What You Need To Know About ChatGPT-4

March 29, 2023

The AI space is moving extremely quickly at the moment, with the AI chat wars about to kick off.


GPT-4, the updated model from OpenAI was “released” on March 14th to those signed up for the paid version of ChatGPT. But it turns out that Bing’s chat offering powered by OpenAI's tech has been running GPT-4 since launch. Quite a twist.

So why does this matter?

GPT-4 is a much more capable large language model than its predecessor on several fronts.

While the GPT-3 was purely based on text input, GPT-4 becomes multi-modal with the addition of being able to accept an image and analyse that image to output text. This could be a game changer for things like summarising graphs or other data in image form, or if nothing else, it could improve its meme game.

Model improvements

The base model of GPT-4 is just an all-around more capable model. While GPT-3 was famously able to pass some professional exams GPT-4 improves on these test scores in almost every case - scoring 298/400 on the Uniform Bar Exam, up from 213/400 for GPT-3.

GPT-4 is also touted by OpenAI as having surpassed its predecessor in advanced reasoning capabilities - i.e. better able to take your text input and reach a logical conclusion consistent with the facts you presented. This is demonstrated by performance on tasks where you specify hours of availability for meeting participants and ask it when everyone would be free for 30 mins. Theoretically, this may translate into fewer outright fabrications, but these are still very possible at present.

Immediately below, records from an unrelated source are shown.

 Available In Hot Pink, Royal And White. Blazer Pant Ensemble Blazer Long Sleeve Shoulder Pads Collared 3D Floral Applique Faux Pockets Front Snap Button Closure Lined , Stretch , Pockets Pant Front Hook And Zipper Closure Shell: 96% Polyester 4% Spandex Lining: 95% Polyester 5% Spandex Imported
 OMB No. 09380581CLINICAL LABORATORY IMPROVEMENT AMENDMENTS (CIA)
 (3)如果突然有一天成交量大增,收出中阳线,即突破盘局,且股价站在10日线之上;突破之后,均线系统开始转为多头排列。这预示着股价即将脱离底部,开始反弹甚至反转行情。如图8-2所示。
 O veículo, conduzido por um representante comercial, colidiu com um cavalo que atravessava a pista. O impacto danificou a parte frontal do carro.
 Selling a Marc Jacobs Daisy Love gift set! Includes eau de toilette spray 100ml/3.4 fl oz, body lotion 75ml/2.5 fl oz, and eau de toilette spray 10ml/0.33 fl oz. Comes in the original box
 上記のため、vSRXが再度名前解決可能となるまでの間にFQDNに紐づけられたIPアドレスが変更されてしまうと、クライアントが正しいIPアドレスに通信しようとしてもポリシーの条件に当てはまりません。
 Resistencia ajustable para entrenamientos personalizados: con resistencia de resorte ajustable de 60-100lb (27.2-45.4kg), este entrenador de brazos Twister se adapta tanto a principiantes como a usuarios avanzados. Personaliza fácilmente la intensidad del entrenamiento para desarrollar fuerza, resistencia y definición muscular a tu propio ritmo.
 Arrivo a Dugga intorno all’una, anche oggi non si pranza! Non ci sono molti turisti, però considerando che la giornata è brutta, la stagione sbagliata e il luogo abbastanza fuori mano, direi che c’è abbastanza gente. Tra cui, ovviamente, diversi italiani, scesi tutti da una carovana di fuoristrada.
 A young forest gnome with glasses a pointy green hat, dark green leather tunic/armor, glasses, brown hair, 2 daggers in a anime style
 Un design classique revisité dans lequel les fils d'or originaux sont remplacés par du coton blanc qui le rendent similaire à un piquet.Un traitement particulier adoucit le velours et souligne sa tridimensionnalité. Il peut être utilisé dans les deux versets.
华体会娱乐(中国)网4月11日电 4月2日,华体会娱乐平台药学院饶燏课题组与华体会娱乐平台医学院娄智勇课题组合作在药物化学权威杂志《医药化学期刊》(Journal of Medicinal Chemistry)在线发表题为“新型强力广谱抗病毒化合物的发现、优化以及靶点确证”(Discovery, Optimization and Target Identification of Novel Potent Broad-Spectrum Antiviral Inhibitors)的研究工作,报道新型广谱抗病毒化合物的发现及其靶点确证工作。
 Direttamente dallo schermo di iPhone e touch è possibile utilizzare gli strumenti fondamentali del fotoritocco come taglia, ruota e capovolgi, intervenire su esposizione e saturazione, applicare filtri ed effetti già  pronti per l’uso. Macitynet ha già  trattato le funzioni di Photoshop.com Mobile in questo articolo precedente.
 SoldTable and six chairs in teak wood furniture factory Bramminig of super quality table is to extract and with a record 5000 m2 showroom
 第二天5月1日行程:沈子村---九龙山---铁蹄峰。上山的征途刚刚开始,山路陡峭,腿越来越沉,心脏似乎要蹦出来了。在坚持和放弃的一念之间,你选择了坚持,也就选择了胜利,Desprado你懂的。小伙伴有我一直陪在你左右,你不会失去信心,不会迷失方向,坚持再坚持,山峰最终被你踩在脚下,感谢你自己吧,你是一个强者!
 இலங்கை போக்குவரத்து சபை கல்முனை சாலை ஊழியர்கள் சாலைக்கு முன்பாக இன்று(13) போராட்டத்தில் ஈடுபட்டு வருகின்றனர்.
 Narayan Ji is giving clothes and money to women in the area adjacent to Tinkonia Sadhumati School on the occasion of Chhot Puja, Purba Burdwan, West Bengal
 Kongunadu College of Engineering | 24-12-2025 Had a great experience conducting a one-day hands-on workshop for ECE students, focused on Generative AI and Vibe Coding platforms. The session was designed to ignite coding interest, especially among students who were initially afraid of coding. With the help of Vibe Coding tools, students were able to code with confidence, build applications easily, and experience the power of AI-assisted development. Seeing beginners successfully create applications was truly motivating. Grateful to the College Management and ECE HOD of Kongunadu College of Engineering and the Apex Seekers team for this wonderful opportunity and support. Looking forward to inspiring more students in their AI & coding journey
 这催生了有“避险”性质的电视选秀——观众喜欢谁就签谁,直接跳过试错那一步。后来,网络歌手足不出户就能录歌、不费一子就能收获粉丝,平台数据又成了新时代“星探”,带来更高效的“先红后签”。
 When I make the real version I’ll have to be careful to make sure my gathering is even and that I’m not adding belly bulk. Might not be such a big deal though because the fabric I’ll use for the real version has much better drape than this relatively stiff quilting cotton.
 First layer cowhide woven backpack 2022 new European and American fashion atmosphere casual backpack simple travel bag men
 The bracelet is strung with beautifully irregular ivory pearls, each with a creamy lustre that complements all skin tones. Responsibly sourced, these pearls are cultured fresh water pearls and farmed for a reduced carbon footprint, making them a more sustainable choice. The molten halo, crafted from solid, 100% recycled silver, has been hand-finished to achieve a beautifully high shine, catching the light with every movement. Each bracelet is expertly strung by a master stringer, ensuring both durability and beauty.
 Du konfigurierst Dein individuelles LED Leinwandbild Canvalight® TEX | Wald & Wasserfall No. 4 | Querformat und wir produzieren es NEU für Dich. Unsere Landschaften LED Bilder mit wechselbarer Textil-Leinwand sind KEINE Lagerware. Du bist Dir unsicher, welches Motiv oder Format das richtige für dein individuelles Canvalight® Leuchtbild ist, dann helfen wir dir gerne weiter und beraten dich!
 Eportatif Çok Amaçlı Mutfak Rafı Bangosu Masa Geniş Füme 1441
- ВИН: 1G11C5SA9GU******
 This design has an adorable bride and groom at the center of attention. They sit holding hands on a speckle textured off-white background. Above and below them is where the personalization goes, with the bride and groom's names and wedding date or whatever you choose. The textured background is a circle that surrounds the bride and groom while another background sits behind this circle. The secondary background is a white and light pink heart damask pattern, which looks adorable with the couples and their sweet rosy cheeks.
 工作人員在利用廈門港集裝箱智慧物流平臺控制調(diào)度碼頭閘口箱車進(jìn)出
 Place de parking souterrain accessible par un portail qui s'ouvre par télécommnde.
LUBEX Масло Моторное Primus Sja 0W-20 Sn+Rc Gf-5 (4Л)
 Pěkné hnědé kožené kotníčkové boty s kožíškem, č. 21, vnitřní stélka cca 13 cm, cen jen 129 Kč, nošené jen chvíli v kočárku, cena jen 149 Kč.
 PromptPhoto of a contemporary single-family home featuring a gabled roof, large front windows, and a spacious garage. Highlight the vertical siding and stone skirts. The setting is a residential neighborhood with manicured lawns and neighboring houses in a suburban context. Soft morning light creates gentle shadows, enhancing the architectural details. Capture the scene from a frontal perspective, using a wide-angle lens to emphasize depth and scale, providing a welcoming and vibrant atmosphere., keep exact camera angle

The final and potentially the most important improvement is that the context length that you can work with in GPT-4 is much larger than in GPT-3. Context length is the amount of text that can be considered when generating outputs. It is defined by the number of “tokens” you are limited to in a request, but in simpler terms GPT-4 can handle many more words of input. GPT-3 maxed out at around 3000 English words. The two models of GPT-4 currently have limits of 6000 on the low end and 24000 on the high-end model.

Why does that matter? The more context you can feed the model about the tasks you are trying to complete, the better it will be able to perform tasks. But also, the more text you can feed it, the more useful it can become for summarisation - with the new model you could feed it a 50-page document and ask for the summary of the key points.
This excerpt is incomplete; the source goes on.